With this, even if you want a large amount of game / turn at bat data, you can easily obtain or make it.

Try to make data for 15 years

It's getting interesting, so I decided to make data for 15 years from 2000 to 2014.

The total number of records is about 2.9 million, not about 3 million.

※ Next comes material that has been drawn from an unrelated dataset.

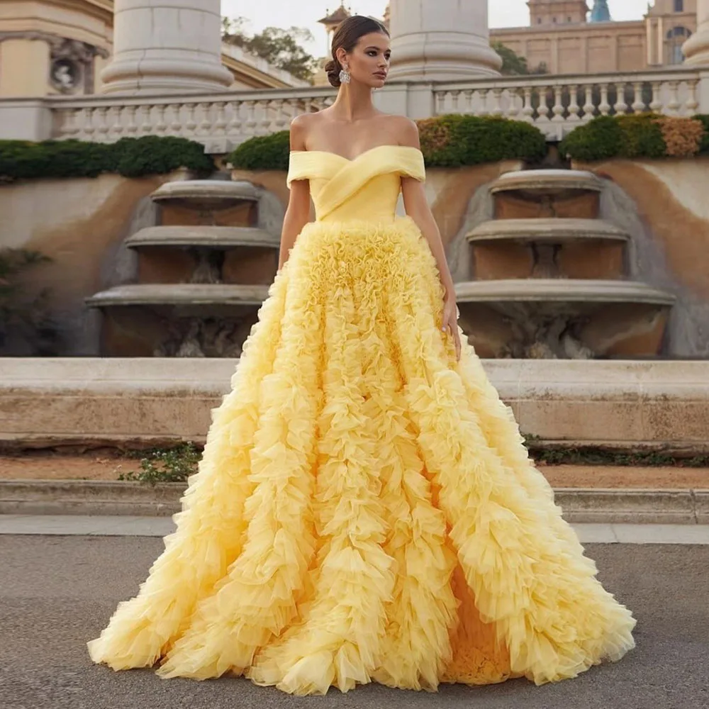 The Dreamy Yellow Tulle Ball Gown is the perfect choice for anyone searching for a yellow prom dress that is both elegant and show-stopping. Featuring a stunning off-shoulder neckline and delicate ruffled layers, this dress will make you feel like a princess. The tulle fabric creates a dreamy, ethereal effect, while the ball gown silhouette offers a timeless, full-bodied look. Available in light yellow prom dress options, this gown is ideal for those who want to turn heads at prom, weddings, or any special event. The built-in bra ensures comfort, while the train adds extra drama to your entrance.

I have newly transcribed the script for executing all at once.

`scripts/migration.py`


#!/usr/bin/env python
# -*- coding: utf-8 -*-
"""
Migrate Retrosheet Database.
Python 3.5.0+ (don't know about 3.4- and 2.x, sorry)
MySQL 5.6.0+ (don't know about 5.5- , sorry)
"""
import logging
import click
from retrosheet_download import RetrosheetDownload
from retrosheet_mysql import RetrosheetMySql
from parse_csv import ParseCsv

__author__ = 'Shinichi Nakagawa'


@click.command()
@click.option('--from_year', '-f', default=2010, help='From Season')
@click.option('--to_year', '-t', default=2014, help='To Season')
@click.option('--configfile', '-c', default='config.ini', help='Config File')
def main(from_year, to_year, configfile):
    """
    :param from_year: Season(from)
    :param to_year: Season(to)
    :param configfile: Config file
    """
    # from <= to check
    if from_year > to_year:
        print('not From <= To({from_year} <= {to_year})'.format(from_year=from_year, to_year=to_year))
        raise SystemExit

    # logging setting
    logging.basicConfig(
        level=logging.INFO,
        format="Time:%(asctime)s.%(msecs)03d\t message:%(message)s",
        datefmt="%Y-%m-%d %H:%M:%S"
    )

    # Download
    logging.info('File Download Start({from_year}-{to_year})'.format(from_year=from_year, to_year=to_year))
    RetrosheetDownload.run(from_year, to_year, configfile)
    logging.info('File Download End')

    # Parse Csv
    logging.info('Csv Parse Start({from_year}-{to_year})'.format(from_year=from_year, to_year=to_year))
    ParseCsv.run(from_year, to_year, configfile)
    logging.info('Csv Parse End')

    # Migrate MySQL Database
    logging.info('Migrate Database Start({from_year}-{to_year})'.format(from_year=from_year, to_year=to_year))
    RetrosheetMySql.run(from_year, to_year, configfile)
    logging.info('Migrate Database End')


if __name__ == '__main__':
    main()

Click here for results

$ python migration.py -f 2000 -t 2014
Time:2015-11-15 15:23:48.291	 message:File Download Start(2000-2014)
Directory /Users/shinyorke_mbp/PycharmProjects/hatteberg/py-retrosheet/scripts/files does not exist, creating...
Time:2015-11-15 15:23:59.673	 message:File Download End
Time:2015-11-15 15:23:59.673	 message:Csv Parse Start(2000-2014)
Time:2015-11-15 15:26:37.219	 message:Csv Parse End
Time:2015-11-15 15:26:37.220	 message:Migrate Database Start(2000-2014)
Time:2015-11-15 15:32:50.070	 message:Migrate Database End

** It took less than 10 minutes from data acquisition to completion of migure! !! !! ** **

Summary

Don't swallow a person's code
The importance of preaching from the most important issues
However, the spirit of "hurry up" is also important

This will make a little more fun baseball hack!

A Python script that stores 15 years of MLB game data in MySQL in 10 minutes (Baseball Hack!)